А еще было послание от Марьянки.
Полицейский начал читать его, но тут зазвонил телефон, и он подскочил на месте. Звонил кто-то из прокуратуры по поводу дела Игоря Кинтаева. Про него Авраам и вовсе забыл.
Марьянка написала ему по-английски:
Ави, ты пообещал держать меня в курсе дел по поводу твоего расследования, но с тех пор, как ты вернулся, у тебя, конечно же, не было времени. Ты нашел его? Я много думаю о том, что ты рассказал мне про исчезнувшего мальчика.
И про тебя тоже. Я уверена, что ты его найдешь, и молюсь вместе с тобой, чтобы с ним ничего не случилось. Мои мысли с вами. Напиши, когда сможешь. Марьянка.
Может, написав: «My thoughts are with you», «Мои мысли с вами», она имела в виду только Авраама, а не их с Офером? Как тут узнаешь?
Инспектор дал себе слово, что ответит на письмо.
Позвонила Илана – узнать, есть ли новости и как он сам.
Никаких новостей не было, а он… что с ним сделается?
– Как только это следствие закончится, ты выходишь в отпуск, – сказала Лим. – Мне вчера и сегодня трудно было на тебя смотреть.
– Ага, – только и промямлил Авраам.
– И ты обязан пойти домой и поспать. Ты на участке со вчерашнего утра, а сейчас знаешь который час?
Было полшестого вечера.
– Уже ничего не произойдет, Ави. Они не позвонят, – сказала Илана. – А это говорит о том, что завтра тебе предстоит тяжелый, маятный день. И с душевной точки зрения тоже. Тебе будет непросто допрашивать мать Офера, нужно набраться сил.

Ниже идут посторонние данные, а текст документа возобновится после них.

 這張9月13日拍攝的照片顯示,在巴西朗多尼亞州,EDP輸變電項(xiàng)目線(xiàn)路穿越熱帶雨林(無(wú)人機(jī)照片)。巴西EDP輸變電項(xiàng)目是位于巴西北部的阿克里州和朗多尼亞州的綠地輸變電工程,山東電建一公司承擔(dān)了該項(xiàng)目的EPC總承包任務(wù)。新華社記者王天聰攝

Авраам принял ее совет лишь потому, что был привычен к этому и слишком устал, чтобы думать. На обратном пути он снова остановился возле длинного дома на улице Гистадрут, к которому его тянуло, будто это была страна детства, куда возвращаешься непонятно зачем. В квартире, где до недавнего времени жил Офер, было темно. Завтра утром инспектор зайдет сюда с тремя или четырьмя полицейскими и попросит Рафаэля и Хану Шараби пройти с ними на срочный допрос. И если они откажутся, он предъявит им ордер на арест.
По улице шел Зеев Авни.
Поначалу Авраам не поверил своим глазам. Решил, что у него от усталости в голове помутилось. Но это был Авни, который шел по улице к дому и толкал коляску с ребенком. Рядом шла его жена.
Когда перед рассветом Зеев переварил их предложение и понял, что менты не собираются приписывать ему преступлений, которых он не совершал, и не обратят против него слова, которые Авни произнесет по телефону, он попросил, чтобы его на пару минут оставили одного в следственной камере, потому что он хочет подумать. Полицейские ждали в коридоре, пока не услышали, что Зеев стучит в дверь. После этого они вошли, и учитель сказал:
– Не очень-то понимаю, что кроется в вашем предложении, но я это сделаю. – Он посмотрел Аврааму Аврааму в глаза и добавил: – Мне важно, чтобы вы поняли: я делаю это ради вас. Потому, что я полагаюсь на вас и потому, что просите именно вы. До сих пор я только вредил вашему следствию. Теперь, раз вы просите, я готов помочь. И еще – из-за моей семьи. Думаю, моя жена хотела бы, чтобы я это сделал. Но у меня ощущение, что из всего, что я до сих пор сделал, и вроде бы понапрасну, это дело самое жуткое.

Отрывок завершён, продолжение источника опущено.